YOUR GOAL: The listing below holds a line with "KPI plot for" and a line with "Per donna Abito". Reproduce those two lines exactly, plus everything between them.

MATERIAL FOR THIS EXERCISE:
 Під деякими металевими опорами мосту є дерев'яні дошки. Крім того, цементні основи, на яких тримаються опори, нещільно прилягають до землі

---

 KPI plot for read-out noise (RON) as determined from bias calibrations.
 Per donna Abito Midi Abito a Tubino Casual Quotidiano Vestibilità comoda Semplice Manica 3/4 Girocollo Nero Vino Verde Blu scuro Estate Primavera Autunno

EXERCISE ANSWER:
 KPI plot for read-out noise (RON) as determined from bias calibrations.
 Per donna Abito Midi Abito a Tubino Casual Quotidiano Vestibilità comoda Semplice Manica 3/4 Girocollo Nero Vino Verde Blu scuro Estate Primavera Autunno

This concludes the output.